Los besos más extraños son esos amagos o parodias que se dan, besando el aire, casi besando, dos mujeres que van maquilladas. En realidad, en fin, los dos besos son siempre un rito vacío, no significan absolutamente nada. Especialmente cuando te presentan simultáneamente a varias mujeres –o a ellas les presentan a varios varones— y entonces hay que repetir el gesto, besar primero a una, a renglón seguido a otra, y luego a la tercera, produciéndose necesariamente pasos confusos y desplazamientos incómodos de todo el grupo como de bailar la yenka para aterrizar, con los labios en una, dos, tres, cuatro, cinco o seis mejillas.

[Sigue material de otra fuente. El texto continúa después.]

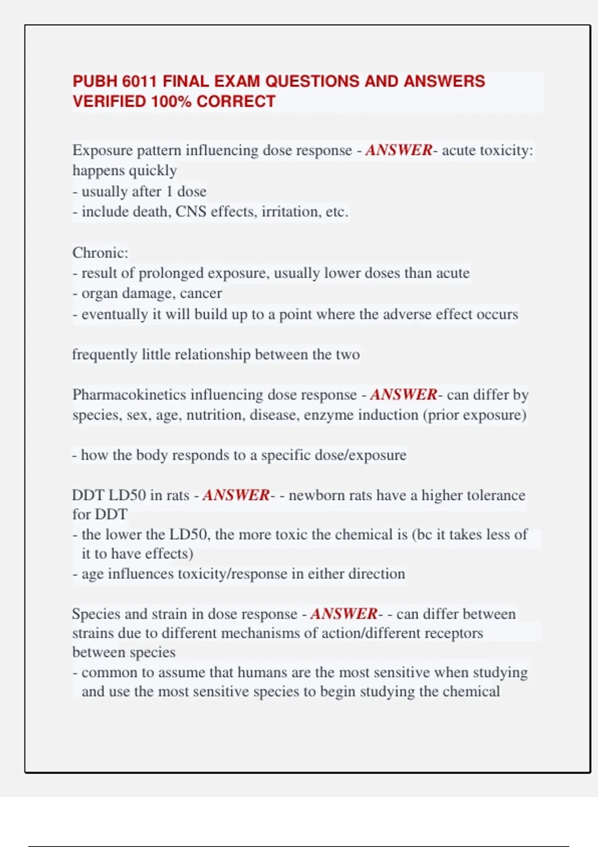 Exposure pattern influencing dose response - ANSWER- acute toxicity:
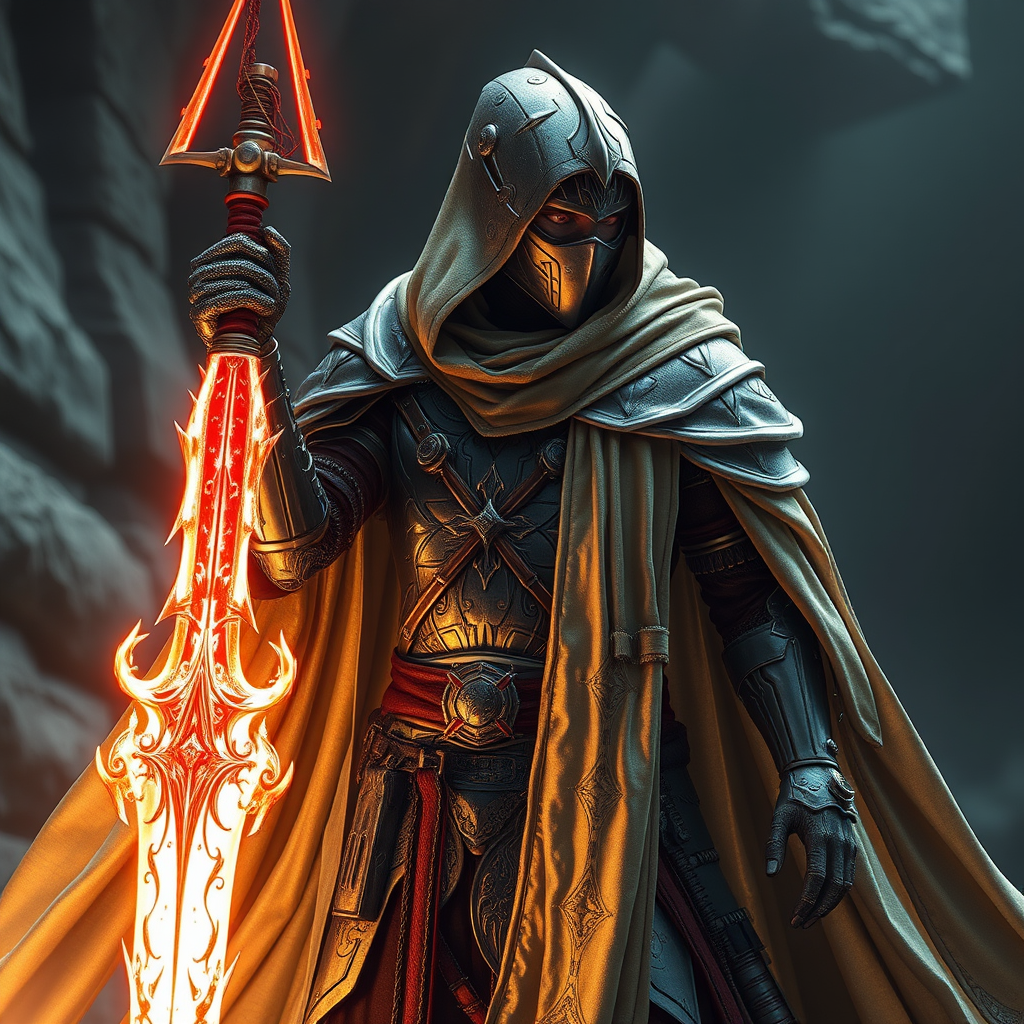 A futuristic medieval knight infused with cybernetic enhancements, draped in intricate, flowing robes that shimmer with a metallic sheen, wielding a radiant weapon that pulses with an ethereal glow, blending elements of magic and technology in a sci-fi setting, captured in a photorealistic, cinematic style with vibrant colors and intricate details.
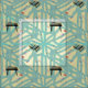 Tecido customizável com ilustrações do vintage do órgão e do registrador + design azul pálido como o fundo. Não esqueça a coleção inteira do tecido com design revisitado do estilo do 50.
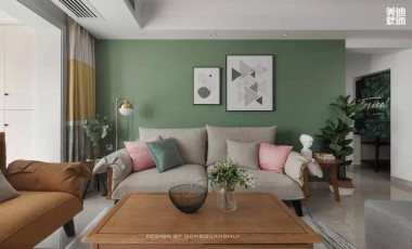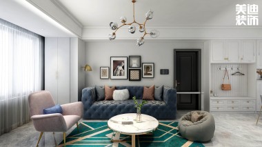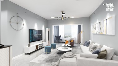 江山帝景95㎡北歐風格案例效果圖—客廳
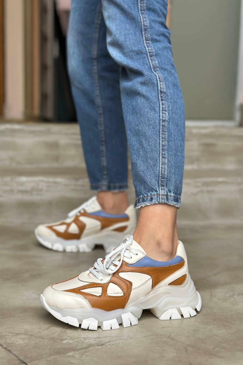 El diseño deportivo combina detalles en cuero con recortes a tono, asegurando un look moderno y versátil que se adapta a cualquier atuendo. La base de 5 cm ofrece una pisada cómoda, mientras que la caña corta de 5 cm proporciona un ajuste seguro sin comprometer la movilidad.
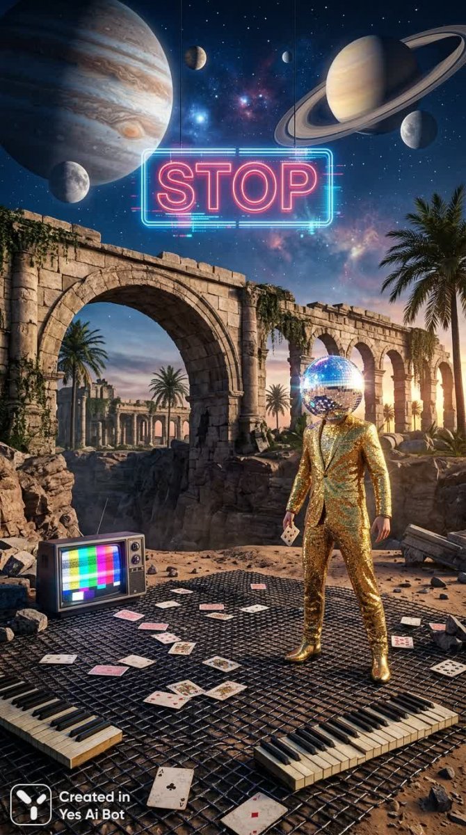 Причудливая коллажная композиция, словно сошедшая с полотна сновидения, объединяет в себе фрагменты различных эпох и стилей. В центре внимания — руины древних построек, обветшалые стены храмов и полуразрушенный каменный мост, символизирующие течение времени и бренность бытия. Экзотические пальмы добавляют ощущение тропического рая, контрастируя с загадочностью архаичных строений. Неожиданным элементом является голова человека в золотом костюме, украшенная сверкающим диско-шаром – яркий символ эпохи ретро и гламура. Рядом расположен старинный телевизор, намекающий на ностальгию по ушедшим временам, а разбросанные клавиши пианино и игральные карты создают атмосферу случайности и беззаботности, словно застывшие в моменте игры. Все это великолепие покоится на черной металлической сетке, добавляя ощущение хрупкости и нестабильности происходящего. Яркий голографический неоновый знак 'стоп' призывает к размышлению о контроле и предопределенности в этом хаотичном мире. На фоне всего этого великолепия простирается голубое небо, усыпанное планетами, расширяя границы восприятия и намекая на космические масштабы происходящего. Вся композиция пронизана эстетикой вейпорвейва – направления, сочетающего в себе элементы ретрофутуризма, научной фантастики и ностальгии по аналоговому миру, создавая неповторимую атмосферу загадочности и меланхолии. Это визуальное путешествие сквозь время и пространство, где прошлое встречается с будущим, а реальность переплетается с иллюзией. Каждая деталь этого коллажа несет в себе скрытый смысл, приглашая зрителя к интерпретации и разгадке тайны
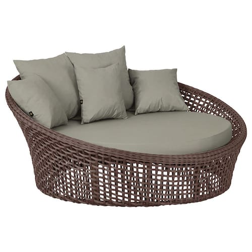 A trama artesanal em corda náutica adiciona um toque moderno e elegante, além de proporcionar flexibilidade e conforto inigualáveis. Para completar, o estofado em tecido impermeável assegura praticidade e bem-estar em qualquer ambiente, seja na área externa ou interna.
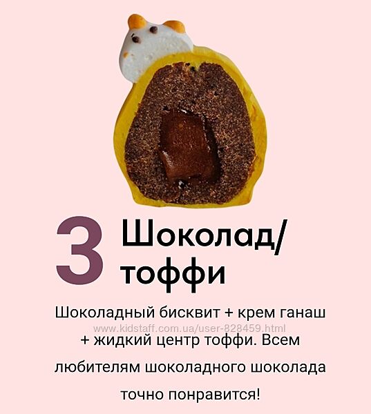 Шоколад-Тоффи (шоколадный бисквит, крем-ганаш, жидкий центр «Тоффи»).
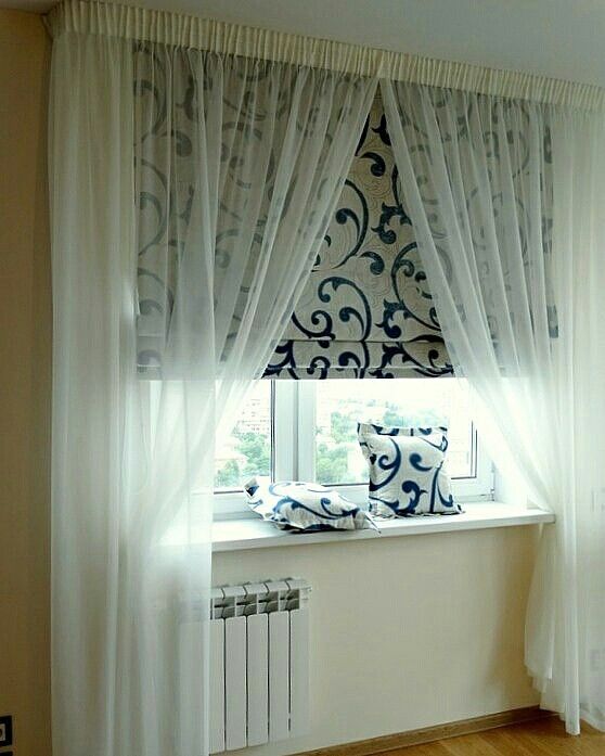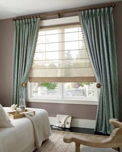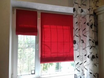 - S'il y a plusieurs fenêtres dans la chambre, vous pouvez expérimenter en combinant des stores romains avec des rideaux ou du tulle. Ou accrochez des rideaux romains à toutes les fenêtres, mais de différents types et de différentes couleurs.
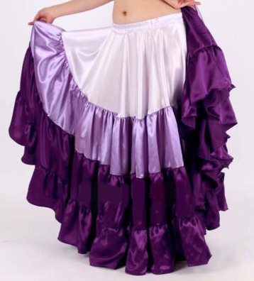 Saténová kolová taneční sukně, bez rozparku, 4-volánová. Elastický pas.
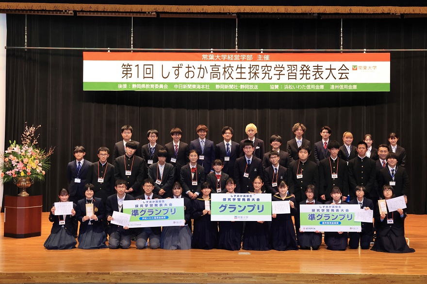 2023年2月4日(土曜日)浜松キャンパストコハホールにおいて、経営学部主催の第1回しずおか高校生探求学習発表大会を開催しました。当日は約80名(発表者・引率教員・大学教員・学生スタッフのほか、近隣高校の生徒など)の参加がありました。応募総数59作品の中から本学経営学部教員による厳正な審査を経て、第一次審査を通過した10チーム(発表大会直前に辞退があったため9チーム)による発表大会となりました。本大会の大きな特徴は、高校生が日頃から授業などを通じて行っている探求学習の発表の場にしたことです。昨年度まで全10回実施してきた「高校生ビジネスプランコンテスト」では、「ビジネスプランの部」「調査・研究の部」の2部門を設けていましたが、今大会の目的は、社会問題や地域の課題に対し、高校生の視点で問題意識を持ち探求した内容を発表するというところにありました。したがって、応募された作品のテーマも多岐にわたり、それぞれの高校生の身近な問題点についてフレッシュな視点で考えられたものが多く見られました。
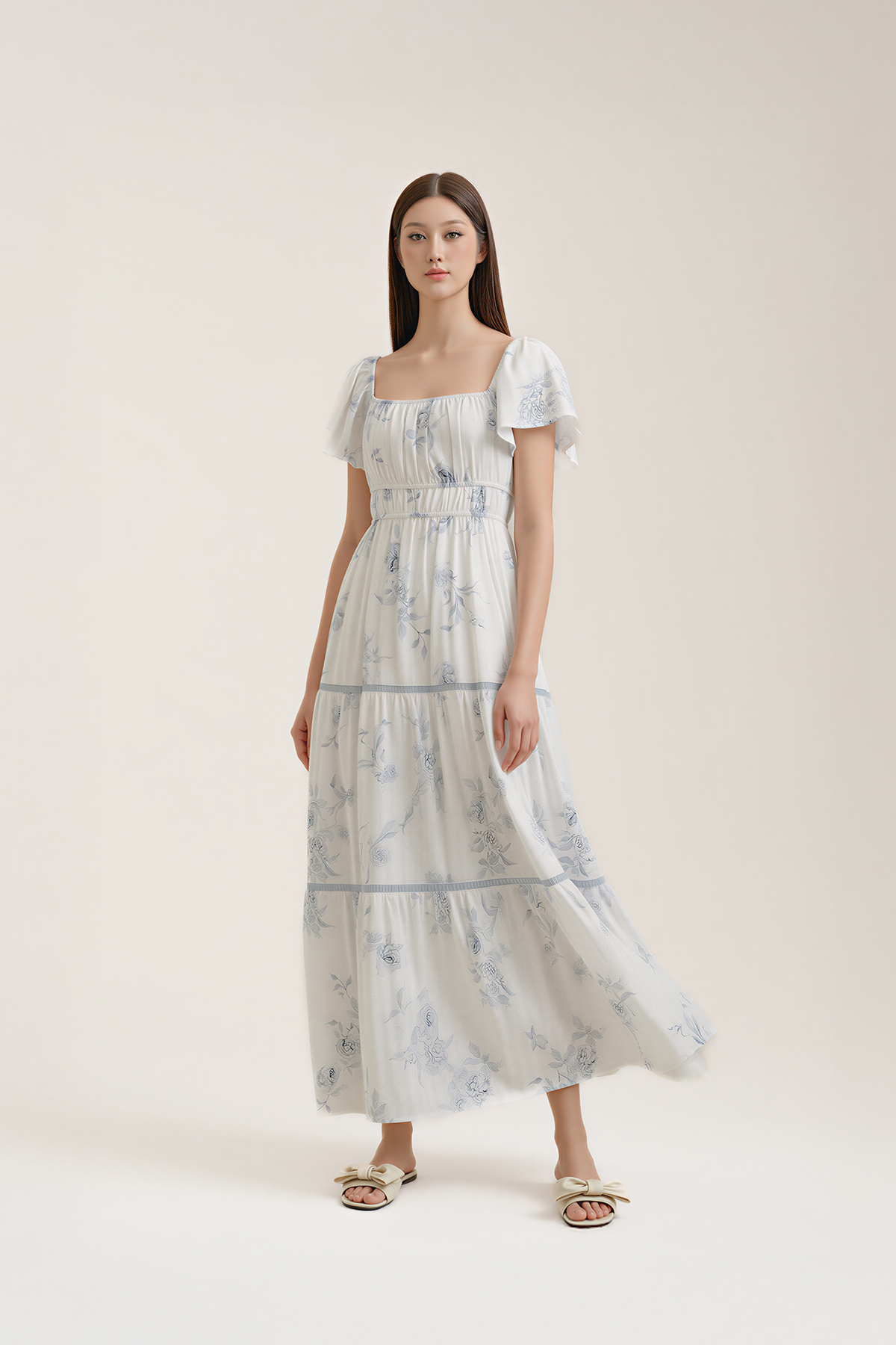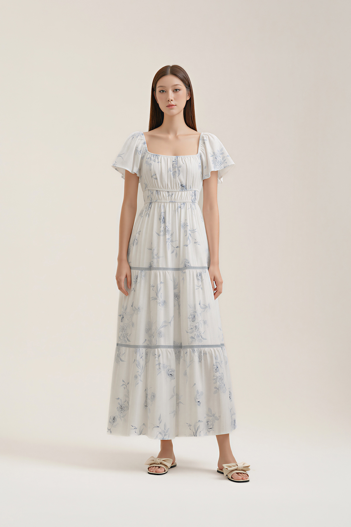 Sweet, feminine, and effortlessly wearable. Featuring flutter sleeves, a softly shirred waist, and tiered maxi length, this Château Flutter Sleeve Dres blends comfort and polish—easy to wear, easy to love.
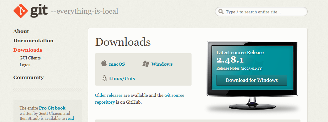 ④ダウンロードされたGit-x.xx.x-64-bit.exeを起動し、gitをインストールする。
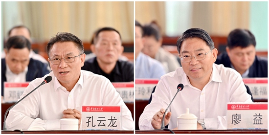 孔云龙对华农举全校之力开展帮扶工作表示感谢。他希望两校接下来聚焦深化交流帮扶、“申硕”攻坚帮扶、人才智力帮扶、科研创新帮扶、服务地方帮扶五个方面,进一步拓展合作领域、凝聚工作合力、建强人才队伍、强化科研支撑、赋能乡村振兴,持续巩固和扩大帮扶成果,努力促进双方优势互补、资源共享、协同发展。

Hay que acabar con ese despropósito. Yo ya predico con el ejemplo. Por principio, doy la mano. Al hacerlo así me doy cuenta de que a algunas mujeres les desconcierta, les parece un poco raro y a alguna, quizá incluso presuntuoso y ofensivo. Otras es posible que sientan alivio. A mí me da igual. Sigo cediendo el paso o el asiento a las mujeres, y me pongo de pie cuando una entra en una habitación donde yo estoy sentado, pero a los dos besos les he puesto cruz y raya. La decisión -¡pese a quien pese!-, está tomada. Se acabó. Me considero feminista y no me gusta bailar la yenka.